Background
We introduce additional geometry controls to better align the appearance with geometry. As from introduction, geometry alignment can be achieved by incorporating geometry features for score distillation (align geometry with the rendering), or controlling the RGB to align with geometry features.
Align Color to Geometry
ControlNet
Control Conditions. One of the most popular choices for aligning color to geometry is via controlnet. For example, we can render geometry features to views as edge/normal/depth. Avatarverse further controls character appearance with dense-pose features.
From my experiments, different geometry features contribute to the control in various ways.
- Canny edge is suitable for precisely controlling the boundary alignment. For example, the generated RGB image actually aligns with the canny edge with pixel-level accuracy. Therefore, it is important to texture the 3D model with edge control. However, rendering the edges might be problematic given stupid triangle soups in the CAD model. Occlusion boundary/sharp edge features are naturally ambiguous. My current solution is to render a normal map and directly extract canny features from the normal image, which seems to work okay.
- Normal/depth has similar behavior that guides the network to understand continuous/discontinuous regions and remove ambiguity inside regions surrounded by canny edges. Thus, such condition is valuable to use. Since depth can be rendered without a bug, we use depth rather than normal.

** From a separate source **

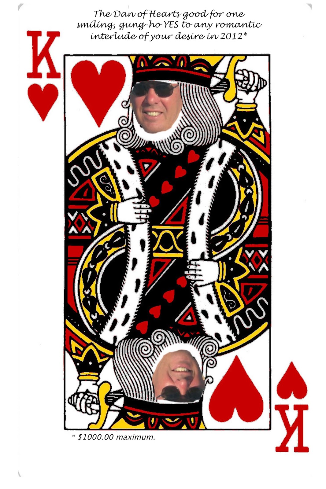 And she smiles and says, “You know, when I tell people about those cards, I say the best thing about them is that I’ve never had to play one. Dan is always so accommodating. So now you decide. Do you want me to keep saying such a nice thing about you, or do you want me to tell everybody that I had to cash in a card to get you to give me what I wanted for Valentine’s Day?”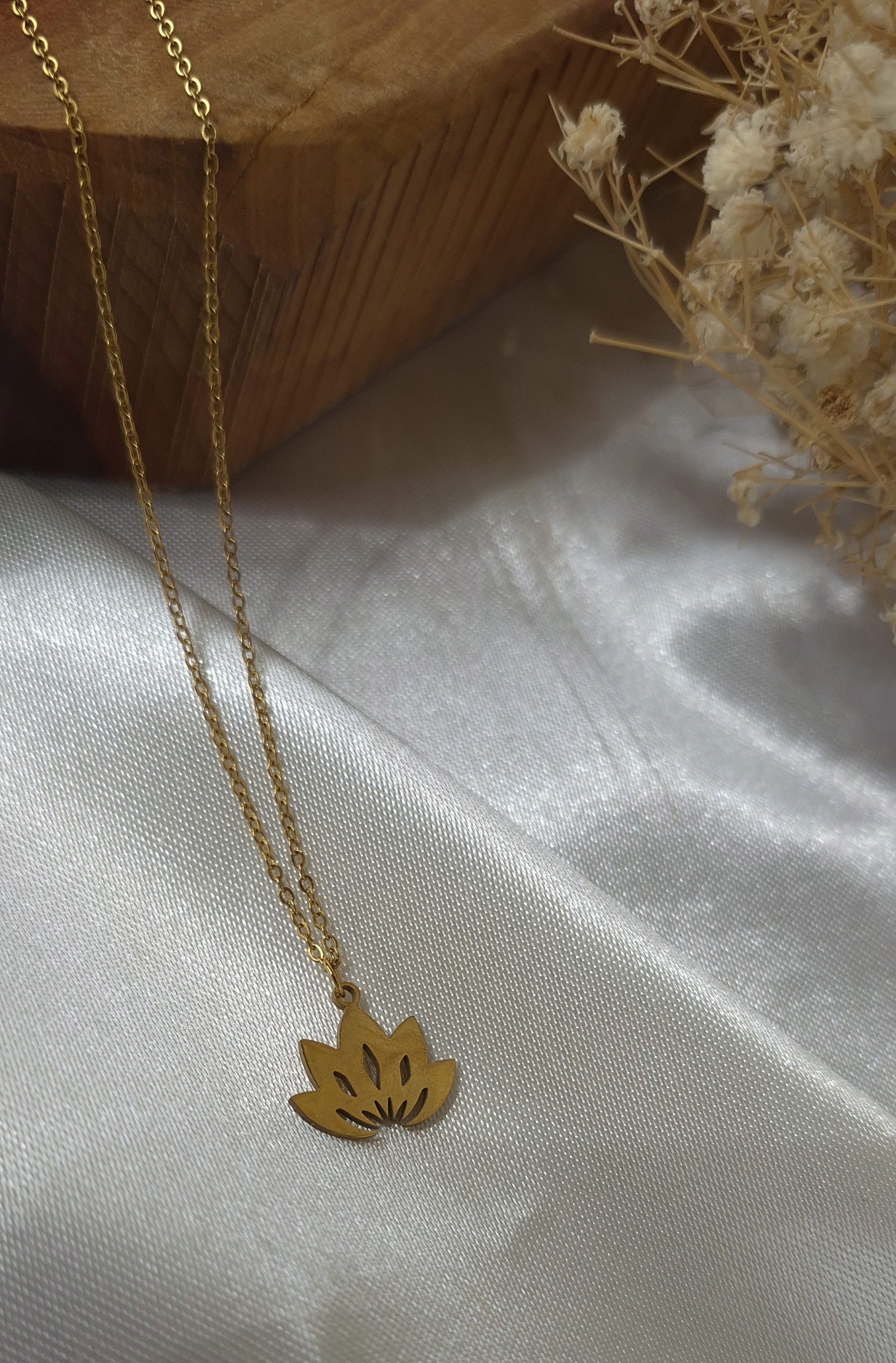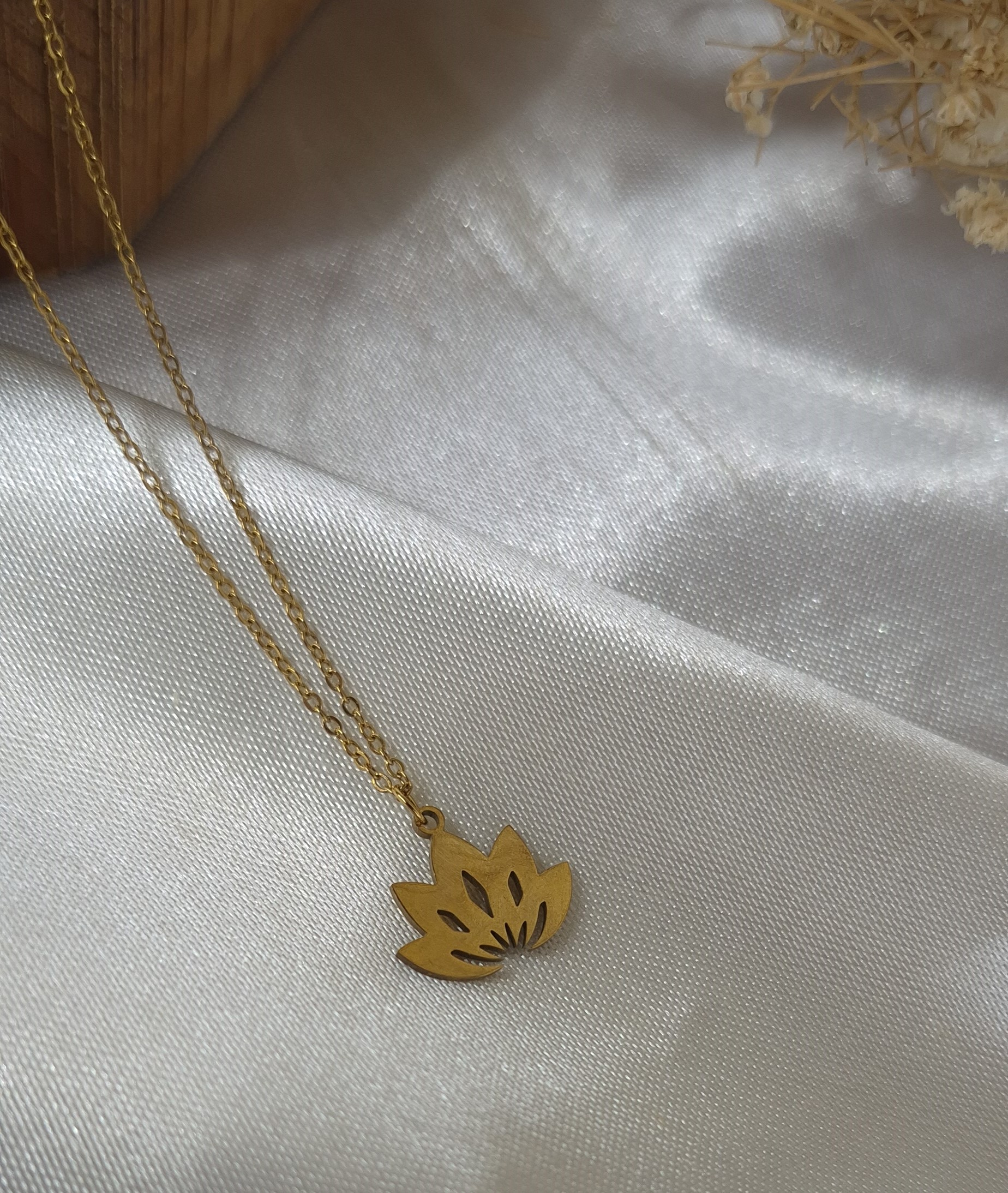 گردنبند استیل طلایی رنگ ثابت مدل گل نیلوفر آبی (لوتوس) مشابه طلا

- Other features like coordinate maps need to be retrained. However, they might provide richer information than local features like normal or edge. Therefore, it also deserves to be considered if a decent pre-trained model is available.
Working with SDS. ControlNet converges better than the standard Stable Diffusion model with SDS optimization. It is caused by additional edge features that resolve the ambiguity. However, it still loses details for inner surfaces.
On the other hand, it seems that ControlNet changes the physical meaning of $\epsilon(\mathbf{x},t,\emptyset)$ since it introduces additional controls. As a result, NFSD) does not apply to ControlNet. I plan to drop NFSD unless a good open-source version is available since a non-conditioned SD also does not work well in the 3D texturing case. ControlNet is considered in LucidDreamer, and I would like to try it.
Prompt-free Stable Diffusion
Prompt-free diffuser can be viewed as replacing the text prompt with an image prompt in controlnet. However, it works pretty bad.